If pictures appear among the lines below, leave them out while you return exactly the lines from the one with "紅色警戒3[EA美國藝電發行遊戲] | 盟軍情報官伊娃·麥肯娜(Eva" through the one with "姚會長首先感謝唐會長百忙之中".

(SUPPLIED DATA)

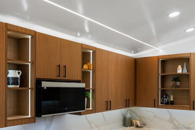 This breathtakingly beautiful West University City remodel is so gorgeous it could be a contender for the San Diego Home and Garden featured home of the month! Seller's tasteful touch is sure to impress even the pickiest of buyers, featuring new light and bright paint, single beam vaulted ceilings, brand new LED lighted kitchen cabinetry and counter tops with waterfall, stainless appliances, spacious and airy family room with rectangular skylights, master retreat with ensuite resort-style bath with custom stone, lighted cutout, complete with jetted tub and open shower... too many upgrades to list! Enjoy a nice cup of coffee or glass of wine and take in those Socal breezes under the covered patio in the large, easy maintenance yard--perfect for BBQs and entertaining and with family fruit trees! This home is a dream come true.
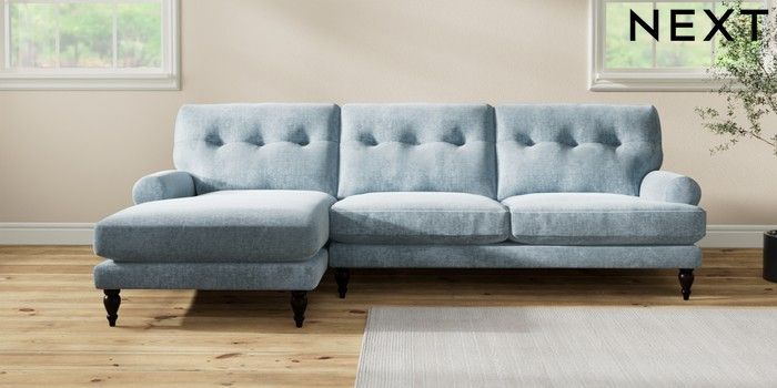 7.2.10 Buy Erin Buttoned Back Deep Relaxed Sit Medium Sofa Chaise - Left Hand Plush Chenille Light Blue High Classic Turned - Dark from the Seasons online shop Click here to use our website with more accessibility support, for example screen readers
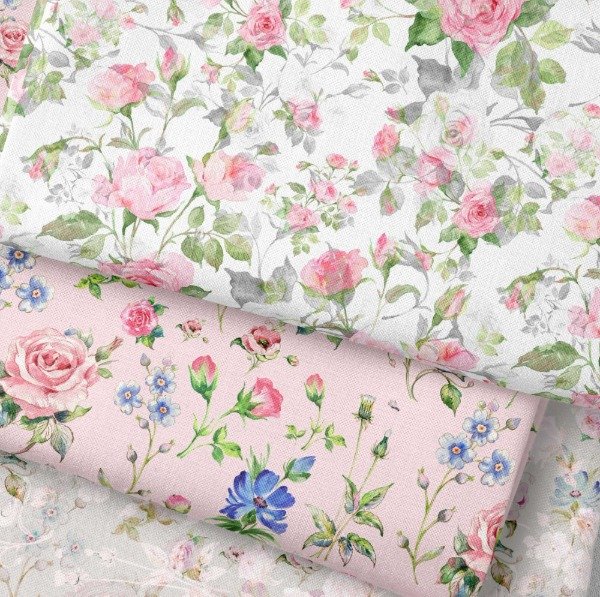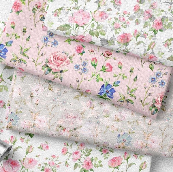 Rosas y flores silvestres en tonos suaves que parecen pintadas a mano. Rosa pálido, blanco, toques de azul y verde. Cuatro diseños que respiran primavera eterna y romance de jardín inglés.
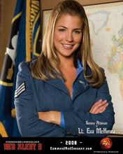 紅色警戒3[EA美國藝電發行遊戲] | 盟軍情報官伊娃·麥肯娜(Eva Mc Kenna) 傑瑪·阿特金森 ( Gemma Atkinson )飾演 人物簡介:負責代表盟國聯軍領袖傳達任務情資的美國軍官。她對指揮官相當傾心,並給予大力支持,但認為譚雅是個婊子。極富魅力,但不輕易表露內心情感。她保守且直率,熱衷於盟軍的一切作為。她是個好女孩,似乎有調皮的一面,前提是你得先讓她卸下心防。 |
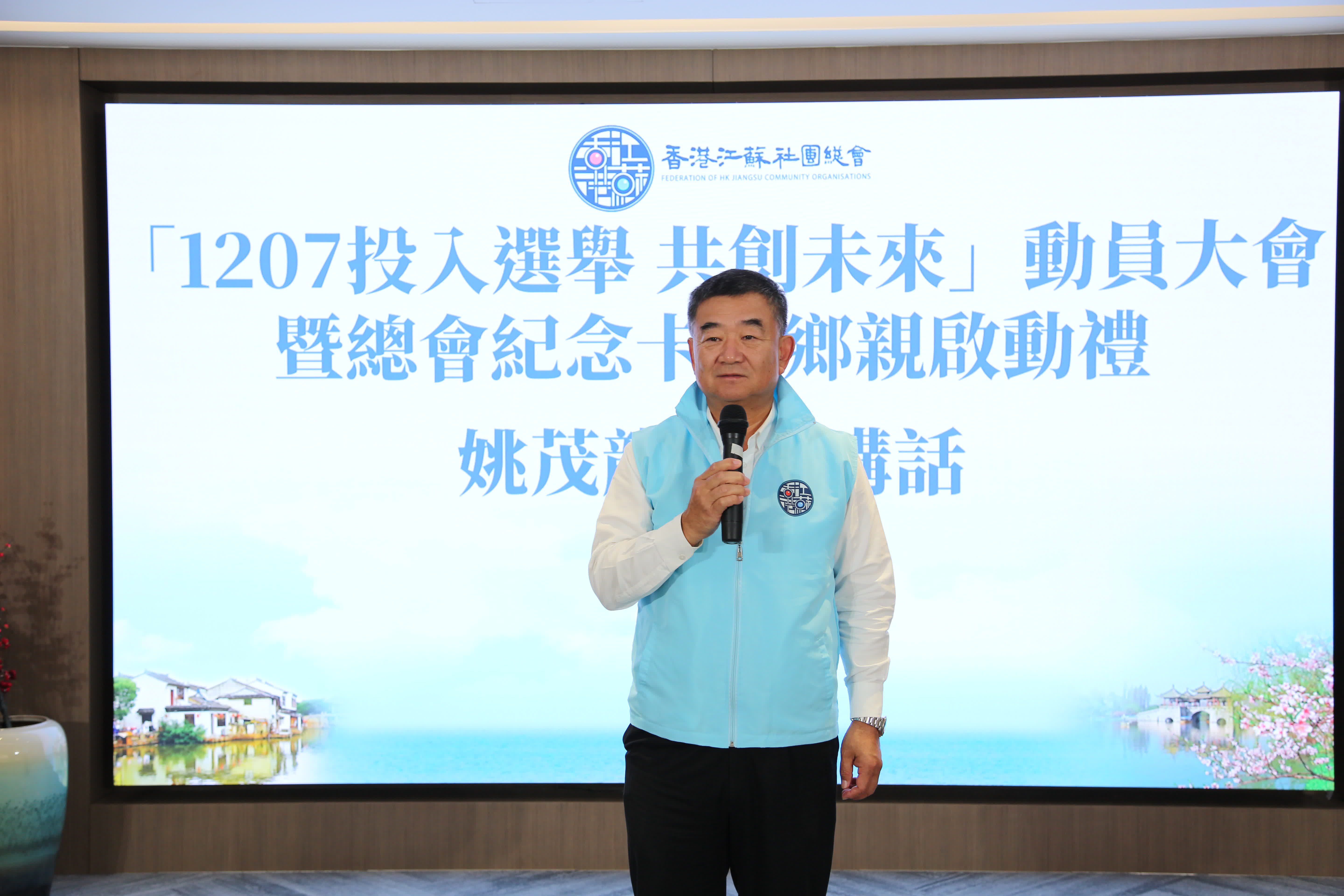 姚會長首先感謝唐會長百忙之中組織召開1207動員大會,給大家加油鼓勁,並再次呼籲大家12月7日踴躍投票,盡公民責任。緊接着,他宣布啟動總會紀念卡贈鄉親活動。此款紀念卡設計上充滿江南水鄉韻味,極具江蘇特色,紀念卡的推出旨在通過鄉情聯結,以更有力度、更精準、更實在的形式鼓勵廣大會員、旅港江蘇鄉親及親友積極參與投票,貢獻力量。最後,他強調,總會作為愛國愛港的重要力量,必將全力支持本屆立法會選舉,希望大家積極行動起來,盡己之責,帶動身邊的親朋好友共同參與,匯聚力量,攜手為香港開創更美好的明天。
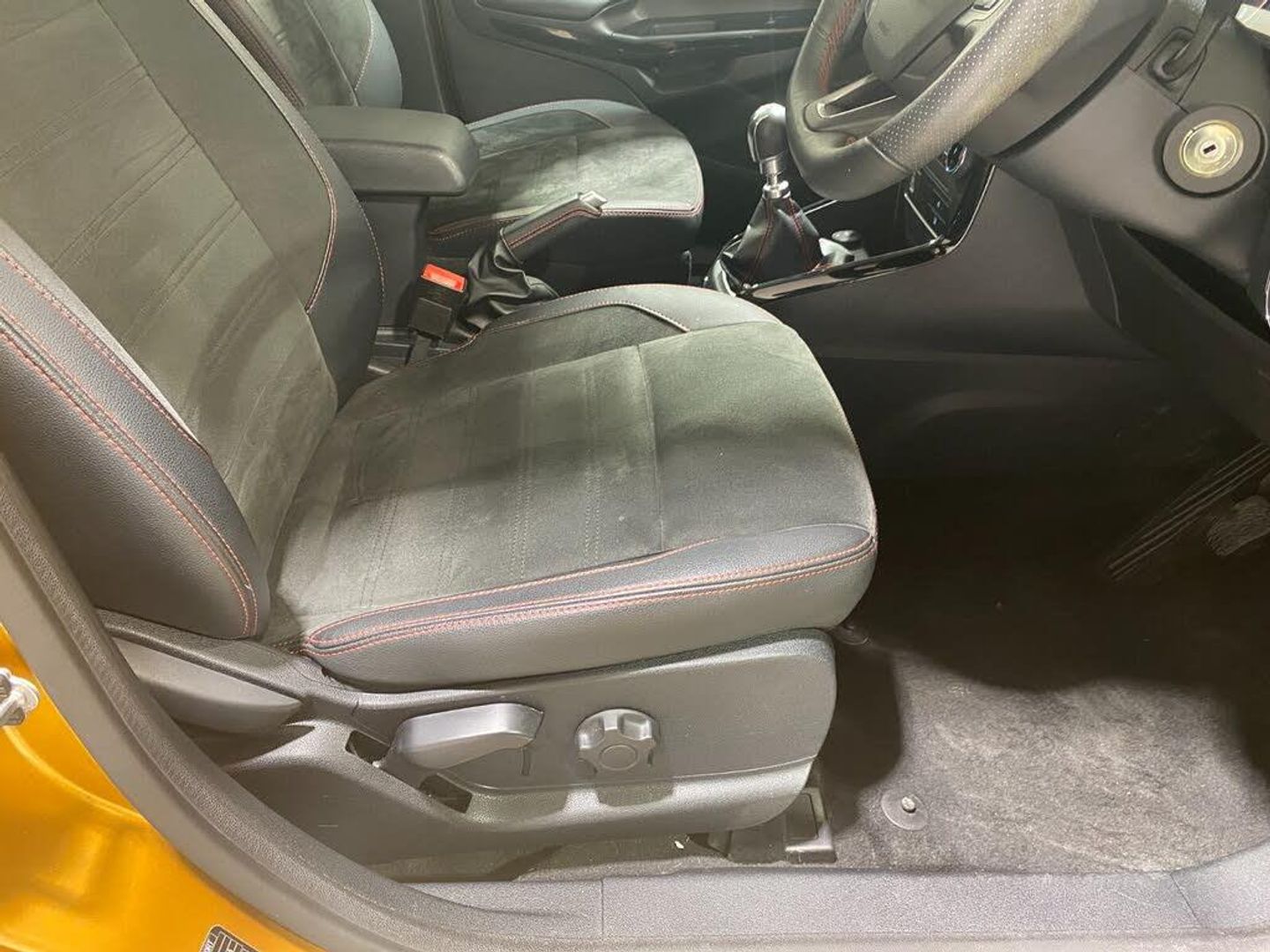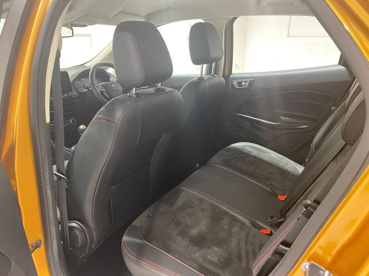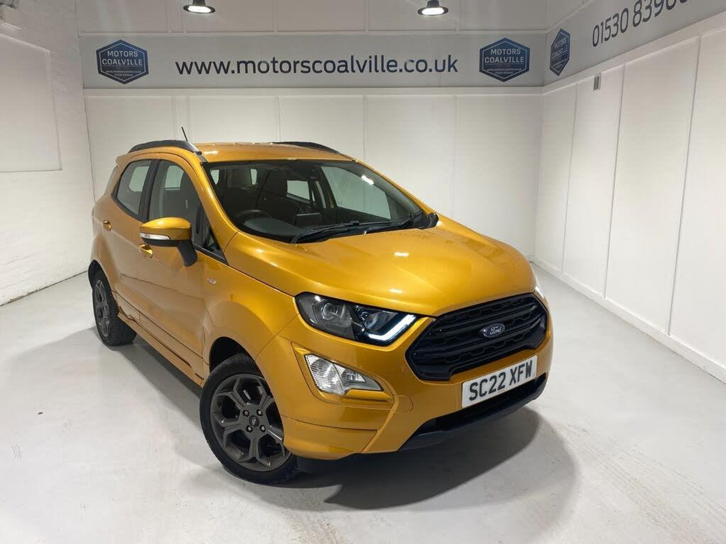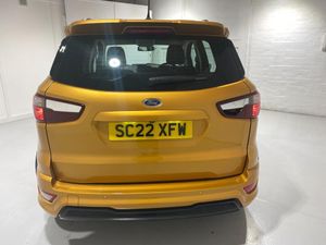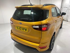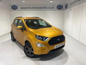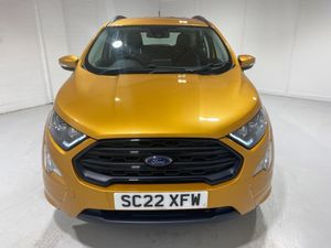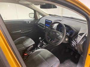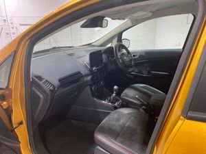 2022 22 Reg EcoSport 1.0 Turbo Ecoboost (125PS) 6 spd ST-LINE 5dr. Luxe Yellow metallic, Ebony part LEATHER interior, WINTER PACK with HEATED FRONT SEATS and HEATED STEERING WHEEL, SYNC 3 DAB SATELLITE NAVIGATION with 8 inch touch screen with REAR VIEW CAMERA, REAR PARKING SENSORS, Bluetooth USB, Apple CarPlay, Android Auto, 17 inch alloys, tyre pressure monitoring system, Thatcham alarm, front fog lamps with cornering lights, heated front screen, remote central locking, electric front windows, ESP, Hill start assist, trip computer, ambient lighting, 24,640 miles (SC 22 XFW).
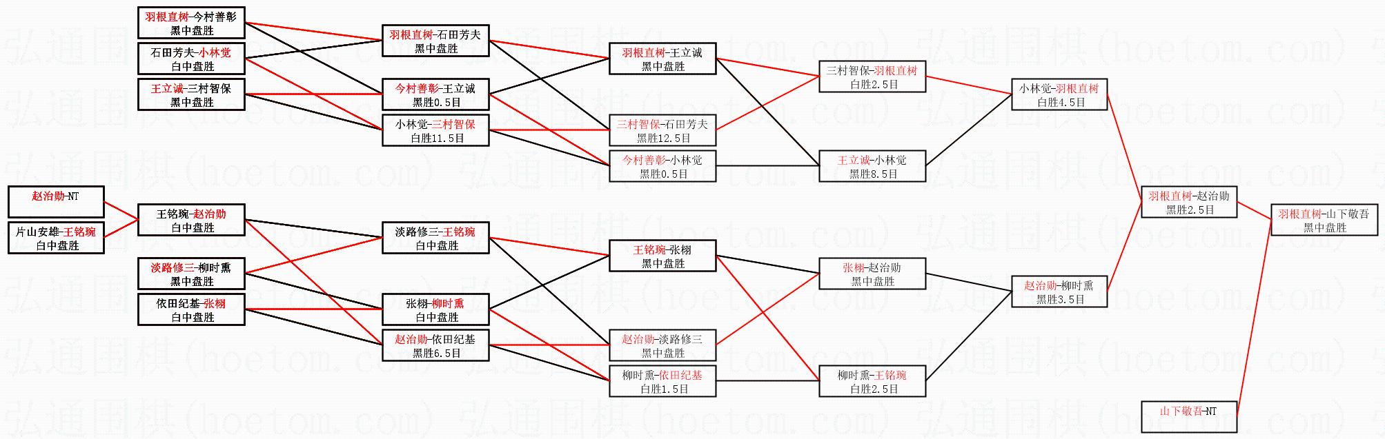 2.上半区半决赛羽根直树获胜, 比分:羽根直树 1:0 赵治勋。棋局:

(End SUPPLIED DATA)

RESPONSE TO THIS TASK ::
 紅色警戒3[EA美國藝電發行遊戲] | 盟軍情報官伊娃·麥肯娜(Eva Mc Kenna) 傑瑪·阿特金森 ( Gemma Atkinson )飾演 人物簡介:負責代表盟國聯軍領袖傳達任務情資的美國軍官。她對指揮官相當傾心,並給予大力支持,但認為譚雅是個婊子。極富魅力,但不輕易表露內心情感。她保守且直率,熱衷於盟軍的一切作為。她是個好女孩,似乎有調皮的一面,前提是你得先讓她卸下心防。 |
 姚會長首先感謝唐會長百忙之中組織召開1207動員大會,給大家加油鼓勁,並再次呼籲大家12月7日踴躍投票,盡公民責任。緊接着,他宣布啟動總會紀念卡贈鄉親活動。此款紀念卡設計上充滿江南水鄉韻味,極具江蘇特色,紀念卡的推出旨在通過鄉情聯結,以更有力度、更精準、更實在的形式鼓勵廣大會員、旅港江蘇鄉親及親友積極參與投票,貢獻力量。最後,他強調,總會作為愛國愛港的重要力量,必將全力支持本屆立法會選舉,希望大家積極行動起來,盡己之責,帶動身邊的親朋好友共同參與,匯聚力量,攜手為香港開創更美好的明天。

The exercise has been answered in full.